Orthopantomogram revealed broad right central incisor and impacted
left central incisor. The patient was screened with MINI-Kid
(MINI International Neuropsychiatric Interview for Children and
Adolescents English Version 5.0) for presence of psychiatric
disorders. A diagnosis of first episode Mania with Aarskog-Scott
Syndrome and mild Mental Retardation with Attention Deficit
Hyperactivity Disorder (ADHD) was made. Initially patient was
started with oral Olanzapine 2.5 mg/day and gradually dose was
increased upto 10mg/day. Lorazepam was given to target agitation.
Manic symptoms responded in two weeks with persistence of ADHD
symptoms. Clonidine was started to target ADHD symptoms and patient
was subsequently discharged from the hospital. After six months of
regular therapy with olanzapine and clonidine, there was absence of
manic symptoms and some improvement in ADHD symptoms. The
improvement in ADHD symptoms in comparison to premorbid state were
reported by his father. The IQ assessment of the patient was done
after the control of Manic symptoms. His IQ was 60 and falls in the
mild mental retardation category.
Discussion
According to the Fryns [2] the incidence of
mental handicap in Aarskog syndrome may be as high as 30%. Later
studies tested this observation with clinically confirmed Aarskog
syndrome and found their IQs to lie within the normal range. So,
Aarskog syndrome may or may not be associated with mental handicap
[1]. The behavioural abnormalities described mainly include ADHD [1]

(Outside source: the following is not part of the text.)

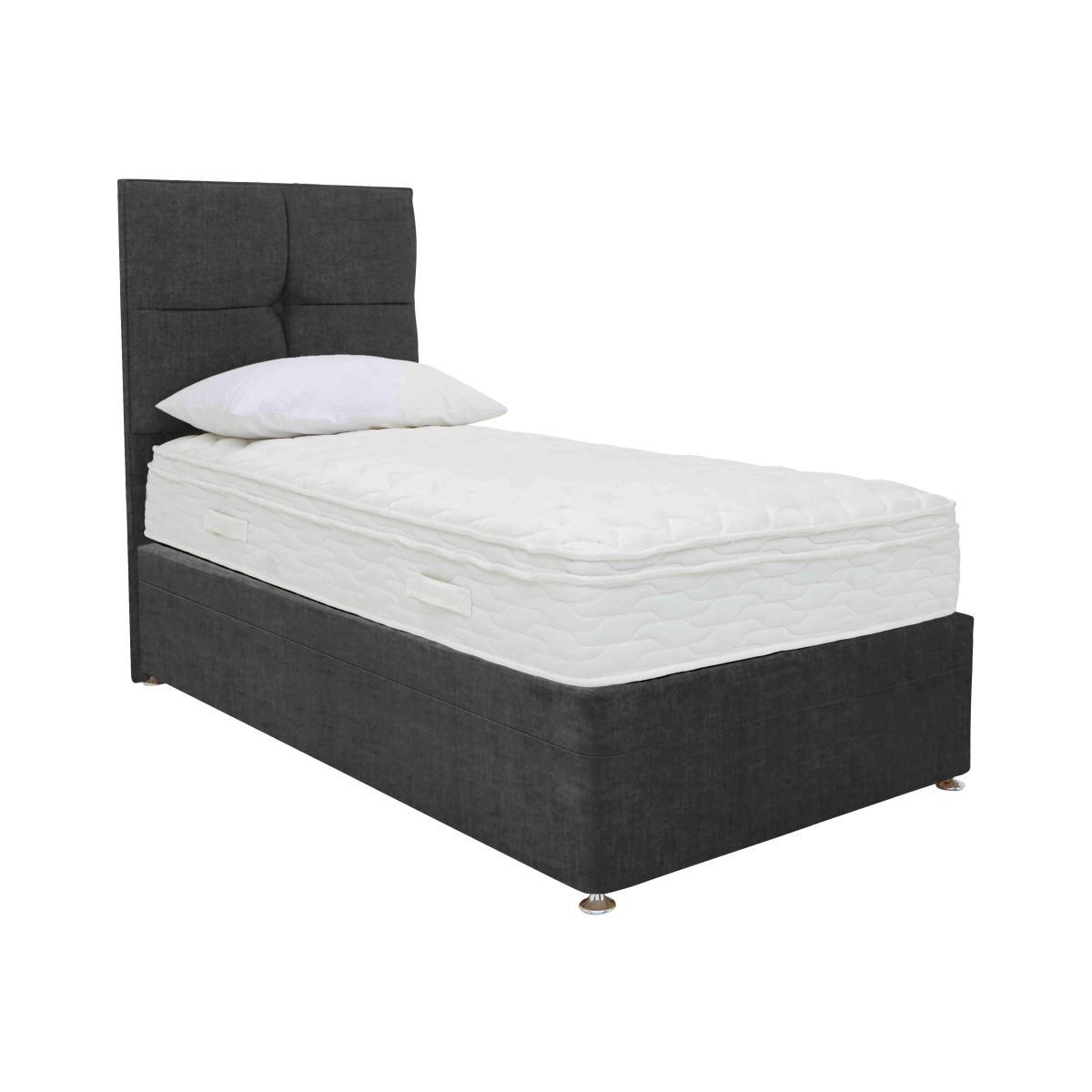 If you often wake up because you’re too hot, the Sleep Story by Highgrove Hybrid 2500 range is for you. Featuring advanced Equasleep© technology with unique fibres designed to regulate surface temperature, a cool night’s sleep is yours. A fully encapsulated border gives a 100% sleep surface, providing total body comfort and support while 2500 pocket springs evenly distribute your weight and a body-contouring memory foam layer delivers sumptuous cushioning. A luxury micro Tencel cover completes the comfort on offer. Available with a choice of stylish drawer and ottoman storage divan sets. Handmade in Britain exclusively for Furniture Village. Advanced Equasleep technology for effective temperature regulation. Fully encapsulated border provides a maximum sleep surface. Handmade in Britain. Beautifully stylish and space-saving side lift ottoman divan. Headboard is an optional extra. The Sleep Story by Highgrove Hybrid 2500 Side Lift Ottoman Divan Set is the perfect combination – a cool and comfortable night’s sleep on a bed with clever hidden storage. The mattress features advanced Equasleep© technology with advanced fibres that cool the sleep surface. A fully encapsulated border gives edge to edge support while a memory foam layer hugs your body giving pressure relief just where you need it. 2500 pocket springs offer responsive support and a luxury micro Tencel cover gives you a soft sleeping surface. The divan comes in a choice of fashionable colours to suit any décor, and there’s plenty of under the bed storage under the piston assisted side lift ottoman base. Exclusive to Furniture Village, the Sleep Story by Highgrove Hybrid 2500 Side Lift Ottoman Divan Set is part of the Sleep Story Hybrid 2500 range. Product images are representative. Find out more. Please note. After delivery the mattress should be aired for four hours to freshen and remove any aroma from storage. Due to the pressure-relieving properties of the material it may take some time to become accustomed to the level of comfort and support. It may take time for your mattress to attain its full size once the springs have settled to the correct position. This is due to the mattress being upright during transit. Settlement of fillings and indentations caused by body weight compressing the fillings are natural and not considered defects. The mattress case should not be removed and is not washable. If the mattress is used with a slatted base, the slats must be no further than 7 cm apart.

and none of the other specific psychiatric disorders are mentioned
with this syndrome. ADHD may be more common in some of the genetic
disorders, including Fragile X Syndrome, Neurofibromatosis 1,
DiGeorge Syndrome, Tuberous Sclerosis Complex, Turner Syndrome,
Williams Syndrome and Klinefelter Syndrome [3]. ADHD is also
commonly associated with Aarskog-Scott syndrome [4]. Presence of
ADHD with Aarskog-Scott syndrome might be due to common underlying
genetic problem that is FGD1 mutation [1]. Genetic analysis was not
performed in this case.
We can make three hypotheses for the presence of
mania with Aarskog-Scott Syndrome in this case. First is that it
could be related to common underlying genetics for Mania, ADHD and
Aarskog-Scott Syndrome (X-linked inheritance or FGD1 gene). Second
hypothesis is that mania may be related to the presence of ADHD.

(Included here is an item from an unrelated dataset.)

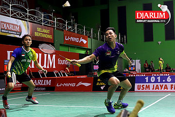 Clinton Hendrik/Rizko Asuro (Jaya Raya/Guna Dharma) Melepaskan Serangan.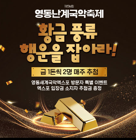 - 주요 장소: 영동천 둔치, 난계국악당, 와인터널 등 영동군 일원

More than 90% of children with bipolar disorders will have comorbid
ADHD [5,6]. Moreover, both bipolar disorder and ADHD were more
likely to be diagnosed in boys than in girls. ADHD was more common
in children and adolescents with childhood-onset mania than in
patients with adolescent-onset mania [7]. Third hypothesis is that
presence of mania could be coincidental with Aarskog-Scott Syndrome.
This case is reported because of its unique
occurrence along with Mania.
Contributors: RBN: diagnosed the case and
prepared the manuscript; AL: dental opinion, collecting the
literature and revising the manuscript; GSB: case workup; AP:
managing the case, follow up of the case and will act as the
guarantor. The final manuscript was approved by all authors.
Funding: None; Competing interests:
None stated.
References
1. Online Mendelian Inhertence in Man.
Faciogenital Dysplasia. Available from: URL:
http://www.ncbi.nlm.nih.gov/omim/305400. Accessed on May 4, 2011.
2. Fryns JP. Aarskog syndrome: the changing
phenotype with age. Am J Med Genet. 1992;43:420-7.
3. Lo-Castro A, D’Agati E, Curatolo P. ADHD and
genetic syndromes. Brain Dev. 2011;33:456-61.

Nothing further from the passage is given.